Das Abenteuer Europa League steht für den Debütanten FCA vor dem Ende, im letzten Spiel am 10. Dezember bei Partizan Belgrad müsste dem Bundesligisten schon ein kleines Fußball-Wunder gelingen. «Ein Punkt wäre viel wert gewesen. Jetzt müssen wir in Belgrad drei Tore erzielen», sagte Weinzierl und gab zu: «Erst mal sind wir deprimiert.»

Für das Weiterkommen müsste der FCA (6 Punkte) am letzten Spieltag mit 3:1 oder noch höher in Belgrad gewinnen, um Partizan (9) noch vom zweiten Platz zu verdrängen und Bilbao (12) in die Zwischenrunde zu begleiten. «Wir müssen in Belgrad das Unmögliche möglich machen», sagte Mittelfeldspieler Daniel Baier.

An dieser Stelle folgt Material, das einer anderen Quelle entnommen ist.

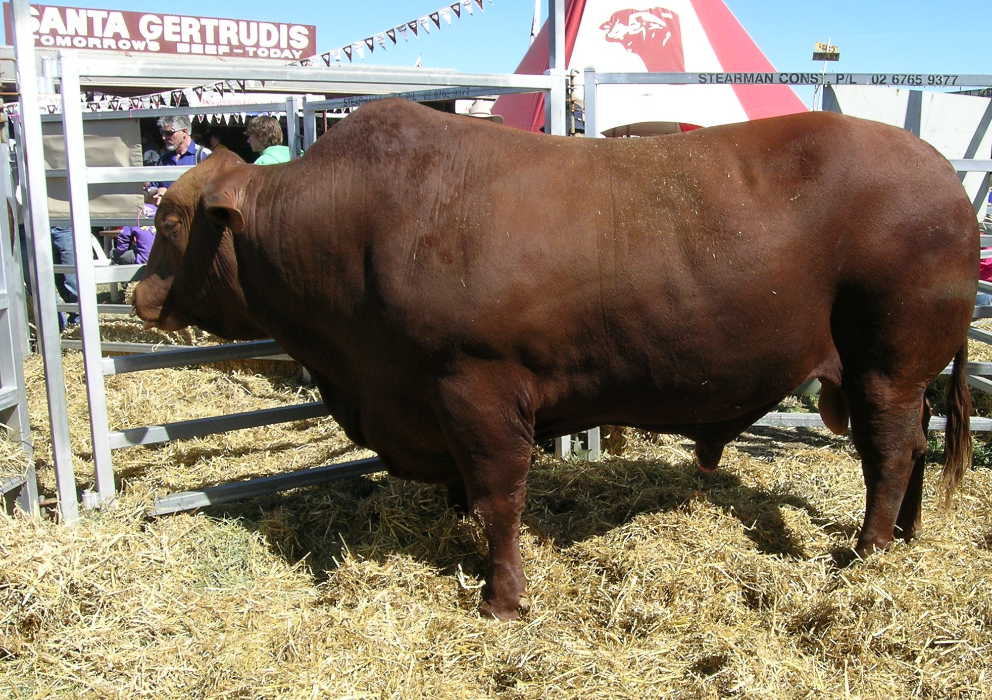 Santa Gertrudis bull at AgQuip, Gunnedah, NSW
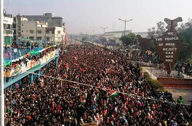 Shaheen Bagh Protest on 26th of January 2020, the 71st Republic Day of India. A huge crowd over 100,000 people turned out for the celebration of the Republic Day of India on 26th of January 2020. Flag hoisted by "Shaheen bagh dadis" and Rohit Vemula's mother.
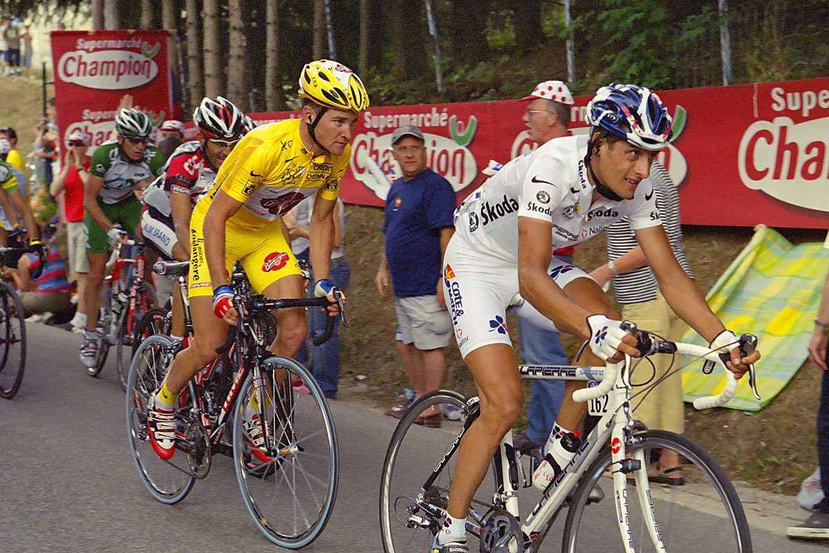 Thomas Voeckler (Brioches La Boulangère) holds onto the leader's Yellow Jersey as the 2004 Tour de France reaches the Alps. He also held the White Jersey for the Young Riders competition at this stage but here it is being worn by the 2nd rider in that competition - Sandy Casar

Vor 23 741 Zuschauern fehlte den Augsburgern die Reife und auch Qualität, um den 2:1-Vorsprung nach Toren von Piotr Trochowski (41. Minute) und Joker Raul Bobadilla (59.) über die Zeit zu bringen. «Der Plan ist aufgegangen bis zur 83. Minute», resümierte Weinzierl. Dann gelang Aritz Aduriz gegen eine unsortierte Augsburger Defensive der späte Doppelschlag (83./86.). Markel Susaeta hatte das 1:0 für die Basken erzielt (10.). «Es war sehr schwierig, aber wir haben unser Ziel erreicht», kommentierte Athletic-Coach Ernesto Valverde.

«Wir haben nicht lange Zeit, traurig zu sein», erklärte Weinzierl mit Blick auf das schon am Sonntag anstehende Bundesliga-Heimspiel des Tabellenvorletzten gegen den DFB-Pokalsieger VfL Wolfsburg. Dafür hatte er die Offensivspieler Bobadilla, Caiuby und auch Ja-Cheol Koo gegen Bilbao teilweise geschont. «Wolfsburg ist Favorit», weiß Weinzierl: «Wir wollen uns wehren und in der Außenseiterrolle überraschen.»